10.B.3 Information Security

Information and data security can be as critical as security of equipment and materials. Loss of data and computer systems from sabotage, viruses, or other means can be devastating for a laboratory.

The issue of dual use applies to information as well as laboratory materials. Over the years, several examples of cybersecurity breaches have led to loss of sensitive information. A detailed description of a laboratory procedure may find its way into the public domain, creating a new resource for those with illicit intentions, or simply depriving the researchers of recognition for their work.

Most institutions and firms have information security policies and procedures and information technology support staff who can help implement security systems. Laboratory managers and personnel should be familiar with and follow their protocols.

Suggested Citation:"10 Laboratory Security." National Research Council. 2011. Prudent Practices in the Laboratory: Handling and Management of Chemical Hazards, Updated Version. Washington, DC: The National Academies Press. doi: 10.17226/12654.
×

10.B.3.1 Backup Systems

Develop and institute a plan for backing up data on a regular basis with backup media off-site, in fire-safe storage, or at a central facility (e.g., the institution’s information technology facility).
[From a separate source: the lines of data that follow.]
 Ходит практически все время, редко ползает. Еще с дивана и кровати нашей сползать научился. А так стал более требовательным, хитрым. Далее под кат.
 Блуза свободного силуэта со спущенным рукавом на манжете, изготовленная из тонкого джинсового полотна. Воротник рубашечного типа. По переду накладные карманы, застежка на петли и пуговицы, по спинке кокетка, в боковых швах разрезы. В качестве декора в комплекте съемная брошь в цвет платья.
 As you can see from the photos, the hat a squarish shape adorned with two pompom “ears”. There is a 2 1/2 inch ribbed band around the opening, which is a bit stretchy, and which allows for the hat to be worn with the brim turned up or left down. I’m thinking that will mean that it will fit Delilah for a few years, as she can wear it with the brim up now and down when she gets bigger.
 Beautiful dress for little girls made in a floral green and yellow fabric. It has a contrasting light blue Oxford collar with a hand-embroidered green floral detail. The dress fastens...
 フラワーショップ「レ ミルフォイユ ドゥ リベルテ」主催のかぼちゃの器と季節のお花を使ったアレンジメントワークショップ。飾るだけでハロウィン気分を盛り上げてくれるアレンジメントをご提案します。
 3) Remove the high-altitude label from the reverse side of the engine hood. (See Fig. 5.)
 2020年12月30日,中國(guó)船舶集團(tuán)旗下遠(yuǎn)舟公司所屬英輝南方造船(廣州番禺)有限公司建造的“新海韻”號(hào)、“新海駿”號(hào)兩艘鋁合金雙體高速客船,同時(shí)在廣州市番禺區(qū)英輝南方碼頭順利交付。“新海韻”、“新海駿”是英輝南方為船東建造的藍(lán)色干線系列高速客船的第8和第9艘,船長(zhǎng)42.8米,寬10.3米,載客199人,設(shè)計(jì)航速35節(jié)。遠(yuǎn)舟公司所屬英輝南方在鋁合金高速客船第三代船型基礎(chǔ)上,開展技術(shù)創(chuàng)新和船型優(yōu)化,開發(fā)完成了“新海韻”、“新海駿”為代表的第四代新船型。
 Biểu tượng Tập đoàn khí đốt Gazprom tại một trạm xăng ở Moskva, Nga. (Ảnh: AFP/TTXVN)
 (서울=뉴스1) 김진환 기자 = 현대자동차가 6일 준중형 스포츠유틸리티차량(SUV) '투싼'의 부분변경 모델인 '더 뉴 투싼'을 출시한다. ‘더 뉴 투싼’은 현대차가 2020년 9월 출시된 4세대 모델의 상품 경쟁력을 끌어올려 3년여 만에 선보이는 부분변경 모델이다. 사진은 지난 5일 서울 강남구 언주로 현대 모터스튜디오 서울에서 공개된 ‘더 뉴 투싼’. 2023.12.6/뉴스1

10.B.3.2 Confidential or Sensitive Information

Assess the type of data produced by the laboratory, department, or group. Laboratories that possess chemicals of interest (COI) and are covered by the Chemical Facilities Anti-Terrorism Standards (CFATS) are subject to U.S. Department of Homeland Security (DHS) requirements for Chemical-terrorism Vulnerability Information (CVI). CVI may not be openly shared. It includes data and results from an inventory assessment called a Top-Screen (see section 10.E.4.2), the facility’s DHS Security Vulnerability Assessment and Site Security Plan (e.g., procedures and physical safeguards), as well as training and incident records, and drill information.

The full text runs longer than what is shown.